Headquartered on Staten Island, CadreNet, which Mr. Trivedi started in 1994, has about 200 clients—all of them small businesses—in and around the city. On top of toiling around the clock to get those companies back online and, in many cases, to retrieve essential data that went missing when the lights went out, CadreNet’s staff of six engineers helped set up a Coast Guard command post on Staten Island where 137 people from six government agencies are working to clean up the havoc Sandy left behind.

In a recent conversation, Mr. Trivedi talked about Sandy’s impact, and about what small businesses need to do now to protect themselves against future catastrophes.

Why didn’t the hurricane disrupt CadreNet’s own operations?

Luckily, our offices are in a part of Staten Island that didn’t get flooded, and we have plenty of backup [generators], so we’ve been able to keep running while so many of our clients had no power. We notified the Chamber of Commerce that we’re volunteering our services to clients and nonclients alike. One business set up temporary quarters in our conference room here, and we’ve been working with our landlord [developer Nicotra Group] to find empty office space we can move companies into. We’ve also been providing business owners with gas generators in their houses, so they can use their homes as backup locations if their usual places of business are flooded or without power.

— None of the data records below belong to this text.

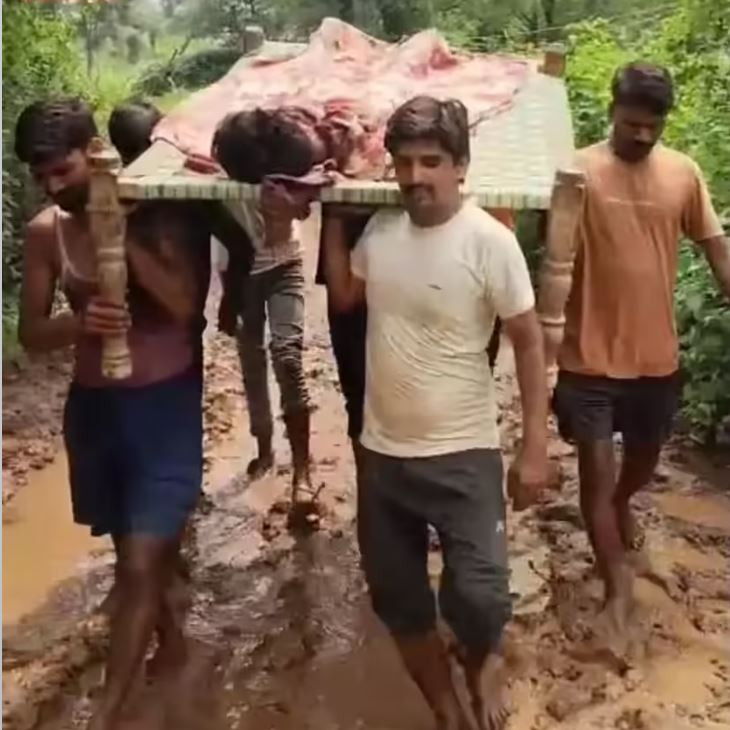बीमार को अस्पताल ले जाने के लिए सड़क नहीं मिली, इंसानियत ने रास्ता बनाया – खाट पर 2 किलोमीटर चले गांव वाले
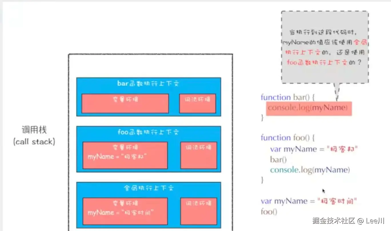 图解 4 :图中的气泡提出了灵魂拷问:"myName 的值应该使用全局执行上下文的,还是使用 foo 函数执行上下文的?" 答案显而易见:全局 。因为
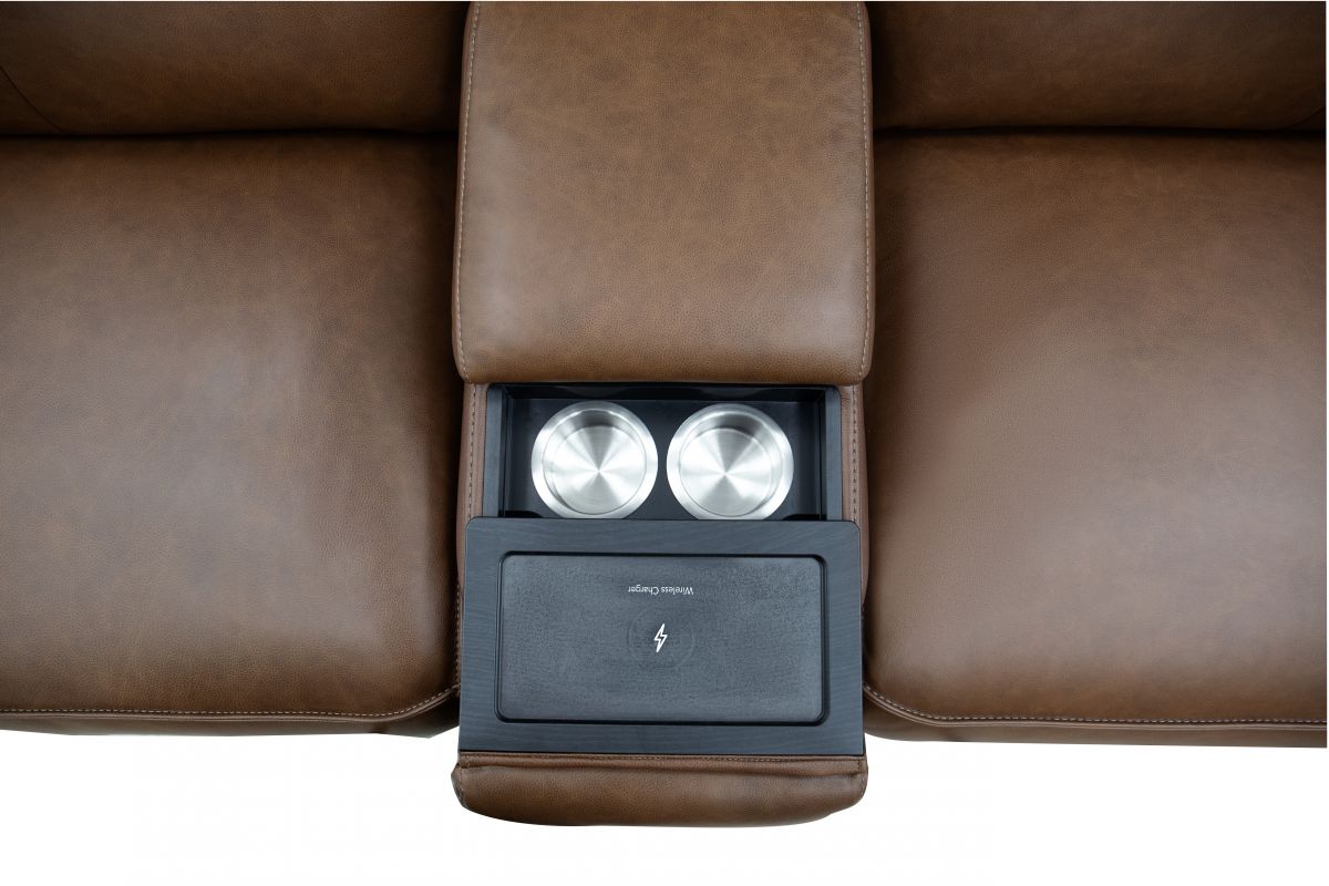 Embrace easy relaxation with this leather power reclining sectional. Perfect for those lazy days, you can lean back and kick your feet up with the push of a button and keep everything you need nearby thanks to the storage console, USB ports, and cupholders. Use the storage console to store the remotes you use and use either the USB ports or the wireless charging to keep your devices close by and charged. With this power reclining sectional, you'll experience true comfort and convenience.

Many businesses were unprepared for a storm of Sandy’s magnitude. What’s the biggest problem you’ve seen?

Well, archives of email and other crucial data are almost impossible to get back once they’re lost, unless you’ve either stored all of that on the cloud—that is, on servers that are far away geographically—or you’ve backed everything up at more than one location. Many of our clients had already backed up their data at our facility in New Jersey, but people who didn’t have off-site backup lost everything.

In addition to archiving your data remotely, you need a plan. We’re now making sure we meet with all our clients to look at worst-case scenarios, meaning: What happens if another superstorm hits? Where will employees go if they have to evacuate a company’s main location? How will you keep the business up and running in an emergency? We didn’t routinely do this kind of planning in the past, but Sandy brought home to us that there is a need for it.

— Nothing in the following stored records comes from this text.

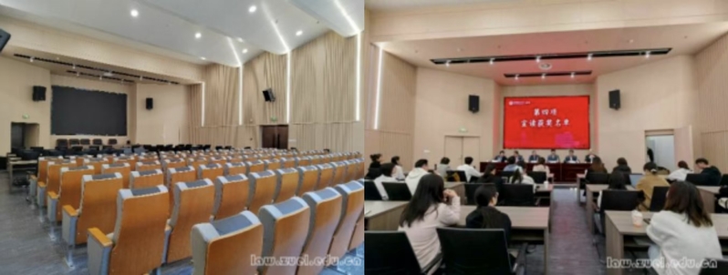 建筑面积约244.71平方米,座位数216席。作为校、院举办重大讲座、学术会议等高端学术与文化活动的主阵地,无数法学前沿的对话与争鸣,皆以此为原点,辐射更远的未来。
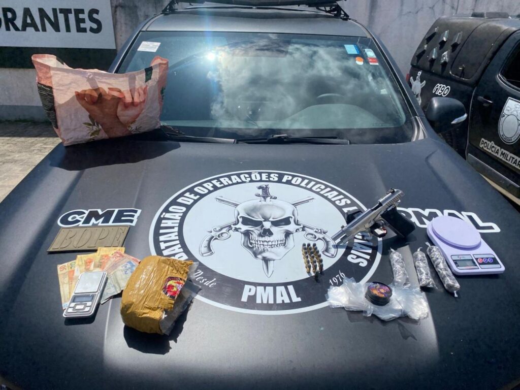 Militares do Batalhão de Operações Policiais Especiais (Bope) prenderam, na manhã desta sexta-feira (26), um homem com uma arma de fogo, drogas e dinheiro durante a operação Círculo de Fogo II, na região conhecida como Favela da Muvuca, atrás do Papódromo, no bairro Trapiche da Barra, em Maceió.
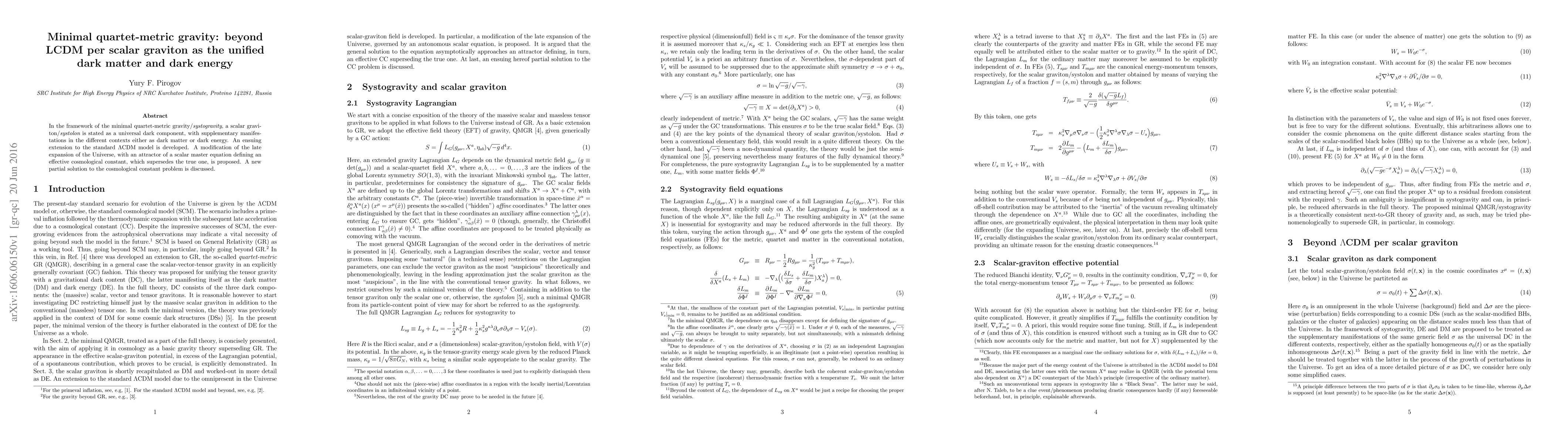 The paper introduces minimal quartet-metric gravity, proposing a scalar graviton as a unified dark matter and dark energy solution. It extends the standard ΛCDM model, suggesting a late universe expansion modification with a scalar master equation acting as an effective cosmological constant, offering a new perspective on the cosmological constant problem.
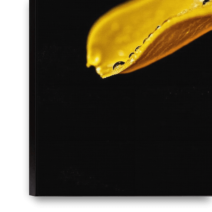 With soft contours and radiant yellow, this flower unfolds like an elegant mystery. The shiny water droplets seem to capture the freshness of nature, while the dark background skilfully accentuates the vibrant colour. Perfect for the living room, this work of art creates a relaxing, harmonious atmosphere.
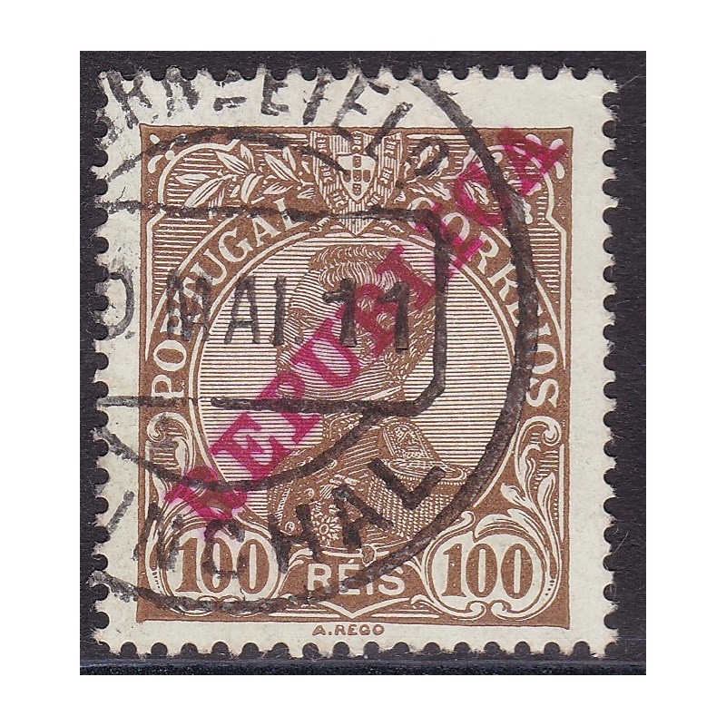 FUNCHAL - Nº 179 selo de 100 réis bistre s/verde. Exemplar em boas condições.
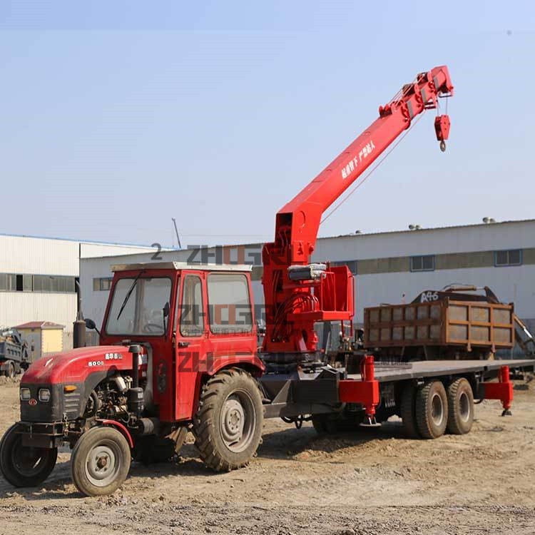 拖拉机起重机大大摆脱了普通吊车受地形限制的局限性,可以方便引用于狭窄的小巷道路,乡间田野,水田,丘陵等地带。拖拉机平板吊车特别适合于电力施工单位及其他在狭窄区域能作业的施工单位。拖拉机平板吊是我厂设计制造的一种用于吊装运输电线杆、钢筋等尺寸较长货物的设备,整车配置可根据要求定制。
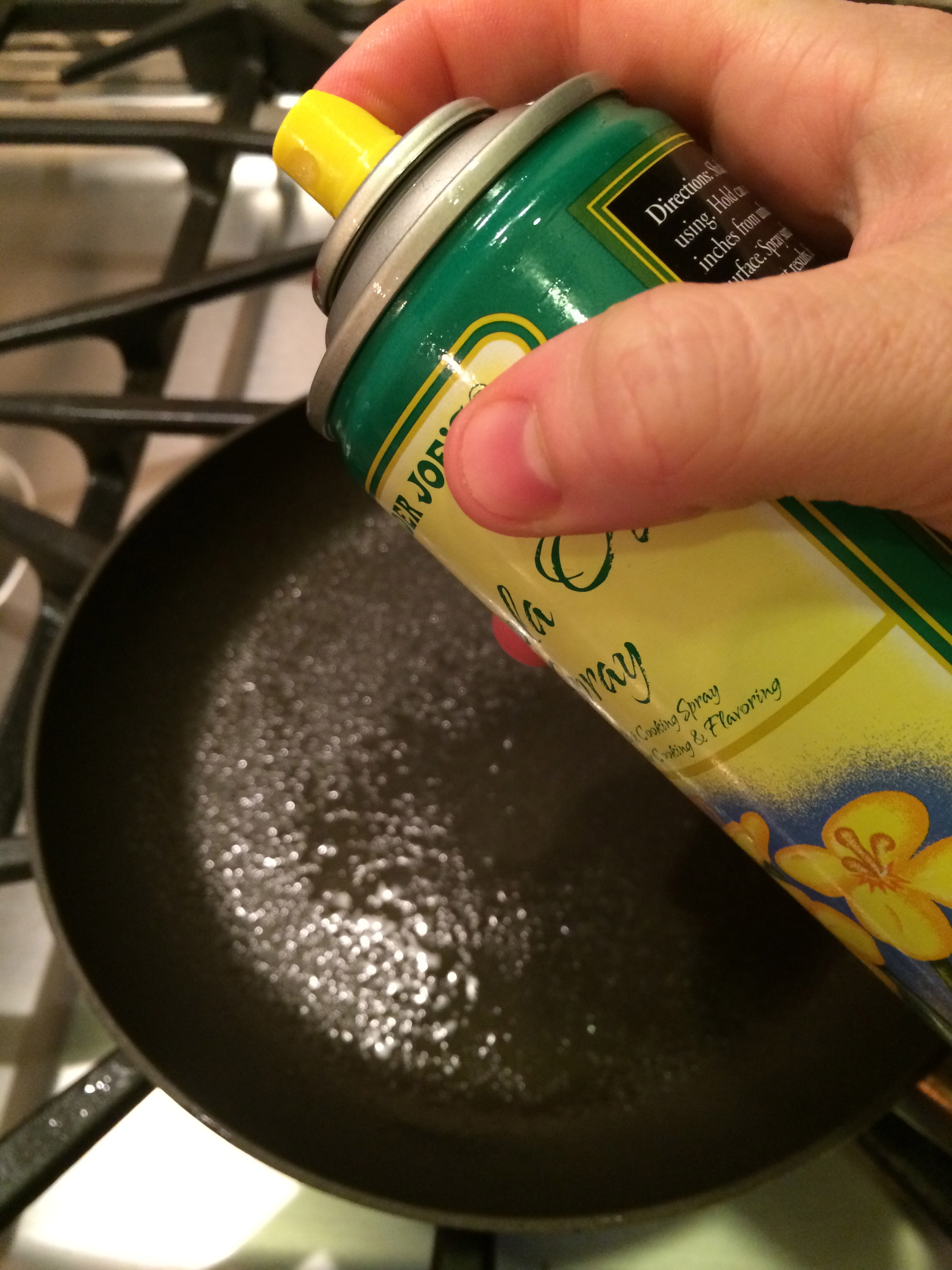 While the turkey is cooking, you can prepare your egg whites. Egg whites are delicious, and according to the internet, contain no cholesterol. I also feel like they keep longer than the whole egg, but I don’t have anything proving that. Place a nonstick pan on the stove top, and heat to medium high. Coat with some oil, and let heat for about 45 seconds.

Are small businesses generally receptive to the idea of disaster planning?

They are now. Small companies usually don’t have big IT budgets. But fortunately, the technology exists to make everything completely disaster-proof, and it’s gotten cheaper lately. For example, you can archive your email on the cloud for $7 or $8 a month per user. For a small business that relies on one server, $5,000 or so per year is enough to replicate that server at a second location, so that you can keep operating from that alternate place with minimal disruption. Before Sandy, small businesses with very tight IT budgets often didn’t think about any of this, but Sandy has taught us that it’s worth a bit of extra money to safeguard the continuity of your business.

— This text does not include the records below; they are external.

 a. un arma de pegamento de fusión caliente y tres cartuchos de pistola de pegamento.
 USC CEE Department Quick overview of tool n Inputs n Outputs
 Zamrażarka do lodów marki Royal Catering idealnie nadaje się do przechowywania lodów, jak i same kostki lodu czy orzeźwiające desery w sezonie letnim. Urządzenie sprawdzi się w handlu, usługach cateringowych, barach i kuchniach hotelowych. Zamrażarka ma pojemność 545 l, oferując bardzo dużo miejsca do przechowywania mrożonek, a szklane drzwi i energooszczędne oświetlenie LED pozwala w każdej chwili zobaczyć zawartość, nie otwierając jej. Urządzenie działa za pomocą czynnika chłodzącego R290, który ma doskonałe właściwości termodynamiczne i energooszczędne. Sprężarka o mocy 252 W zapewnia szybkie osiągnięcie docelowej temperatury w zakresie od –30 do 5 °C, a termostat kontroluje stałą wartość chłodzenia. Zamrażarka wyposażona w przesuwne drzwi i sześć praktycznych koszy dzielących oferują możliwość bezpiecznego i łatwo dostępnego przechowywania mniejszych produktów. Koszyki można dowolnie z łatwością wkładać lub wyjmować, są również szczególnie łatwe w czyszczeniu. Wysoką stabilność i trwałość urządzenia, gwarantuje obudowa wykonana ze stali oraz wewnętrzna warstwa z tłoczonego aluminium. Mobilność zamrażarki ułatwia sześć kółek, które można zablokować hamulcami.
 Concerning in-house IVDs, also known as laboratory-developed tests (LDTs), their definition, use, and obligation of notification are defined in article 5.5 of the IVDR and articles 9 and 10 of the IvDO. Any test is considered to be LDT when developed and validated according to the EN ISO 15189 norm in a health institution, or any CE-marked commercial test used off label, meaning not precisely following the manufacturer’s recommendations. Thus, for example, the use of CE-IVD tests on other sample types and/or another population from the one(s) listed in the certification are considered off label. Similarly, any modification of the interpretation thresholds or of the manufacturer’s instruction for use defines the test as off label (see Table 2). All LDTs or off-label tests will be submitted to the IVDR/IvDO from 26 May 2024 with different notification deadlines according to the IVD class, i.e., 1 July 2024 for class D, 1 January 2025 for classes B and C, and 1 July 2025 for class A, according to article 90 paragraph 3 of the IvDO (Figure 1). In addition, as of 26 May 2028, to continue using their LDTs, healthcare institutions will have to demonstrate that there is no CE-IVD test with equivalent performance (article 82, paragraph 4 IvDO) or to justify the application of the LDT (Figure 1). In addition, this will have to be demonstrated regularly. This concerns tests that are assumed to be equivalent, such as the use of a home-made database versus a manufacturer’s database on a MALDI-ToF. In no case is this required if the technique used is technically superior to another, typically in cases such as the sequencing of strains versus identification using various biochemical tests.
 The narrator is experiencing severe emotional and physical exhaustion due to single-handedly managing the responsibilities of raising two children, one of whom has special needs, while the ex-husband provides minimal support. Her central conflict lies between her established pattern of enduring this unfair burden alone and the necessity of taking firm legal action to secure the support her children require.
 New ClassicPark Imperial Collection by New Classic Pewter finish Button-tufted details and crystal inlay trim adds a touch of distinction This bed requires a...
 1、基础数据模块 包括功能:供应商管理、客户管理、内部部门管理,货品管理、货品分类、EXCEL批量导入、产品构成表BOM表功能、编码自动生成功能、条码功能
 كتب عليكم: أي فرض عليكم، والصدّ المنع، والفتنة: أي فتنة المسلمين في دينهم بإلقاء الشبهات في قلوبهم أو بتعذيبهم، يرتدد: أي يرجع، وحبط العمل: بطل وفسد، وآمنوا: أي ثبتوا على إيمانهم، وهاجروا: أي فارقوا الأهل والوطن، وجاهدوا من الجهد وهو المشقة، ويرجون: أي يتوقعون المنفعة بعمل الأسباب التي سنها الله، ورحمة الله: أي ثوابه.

What are you advising business owners to do?

One problem with this storm was that the power was out for so many days. It’s never been out for so long before. Even Verizon had so many issues this time—lots of companies were completely cut off from their phones, Internet, everything. And that may never happen again, but what if it does? One solution we recommend is to get set up with a wireless router as a backup. For instance, [4G wireless Internet provider] Clear.com is inexpensive and, after Sandy, clients of ours who had it found that it worked when nothing else did.

Any other advice?

Yes. Once you have a disaster plan in place, don’t just forget about it. Do quarterly testing. Conducting a disaster drill on a regular basis will help you make sure everything is working and will be there for you when you need it.